Welcome to My Week in AI! Each week this blog will have the following parts:
This week’s focus has been more data engineering. I have finished the ‘Master SQL for Data Science’ learning pathway on LinkedIn Learning, and I found it very useful and interesting. I am planning to learn more about document databases (specifically MongoDB) and graph databases (specifically Neo4j) and am currently setting up my own projects on both of these platforms to dive deeper into their intricacies. Up next for my big data and data engineering learning is Hadoop and Kafka and more advanced Spark.
I’ve also been working on a project: the Kaggle Wheat Detection competition, essentially an object detection computer vision task. The aim is to identify individual wheat plant heads in images of agricultural fields and there are two main challenges associated with this: plants may be very dense and so identifying individual heads is difficult, and images may be blurred due to wind. My first step for this project was loading and cleaning data, and now I am trying some fast and rough transfer learning approaches to understand the baseline accuracy I can achieve.
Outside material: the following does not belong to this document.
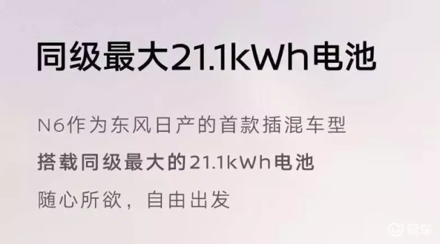 值得一提的是,日产官方表示N6所配备的21.1kWh电池包容量为同级最大,工信部申报的纯电续航里程为125km和130km,CLTC纯电续航超过150km。虽然标称的续航水平与秦L等车型没有明显差距,但电池容量显著更高。

Further steps for improving accuracy might be augmenting the training data, training my own classifier, and using transfer learning to generate image embeddings as an input to my own classifier.
1. Natural Language Generation:
The Commercial State of the Art in 2020
4. Becoming a Data Scientist, Data Analyst, Financial Analyst and Research Analyst
This week’s research paper is in a field I touched on in my post from last week, ethics and fairness in AI. Some concern exists amongst local and federal government agencies about inconsistencies between different demographic groups when identifying faces using facial recognition technology. This has led to several US cities and other governing bodies banning the use of such technology in the public sphere.
The research I’m highlighting this week is by Garcia et al. and titled ‘The Harms of Demographic Bias in Deep Face Recognition Research’.¹ The authors showed that the accuracy of three state-of-the-art facial recognition algorithms dropped significantly for non-Caucasians compared to Caucasians, and for women compared to men. The algorithms they tested were VGGFace, DLib and FaceNet. The authors presented the results as the mean euclidean distances between the face embeddings of different subjects within each of the demographic categories tested. For example, they found that the mean euclidean distance between the embeddings for Caucasian Male samples was ~1.343, but only ~1.02 for Asian Females, when using the FaceNet algorithm. This means that Asian Females had more similar embeddings on average, and so were more likely to be misidentified. This difference of ~0.3 between the two demographic groups is significant relative to typical euclidean distance values for such embeddings.
After evaluating the facial recognition algorithms on data of different demographic groups, the researchers demonstrated the ease of performing a morphing attack on these algorithms in an automated border control (ABC) scenario. ABCs use facial recognition software to compare a person to the image on their travel document, and open immigration gates if the two are deemed a match. A morphing attack involves an accomplice and an imposter who work together to create a fake document with a combination of their two faces. Garcia et al. developed morphed images from a set of ‘accomplice’ images and tested these on the FaceNet algorithm. They found that attacks based on Asian faces worked 4.32% the time compared to 0.27% of the time for Caucasian faces. This is a practical illustration of the consequences that demographic bias in facial recognition technology can have.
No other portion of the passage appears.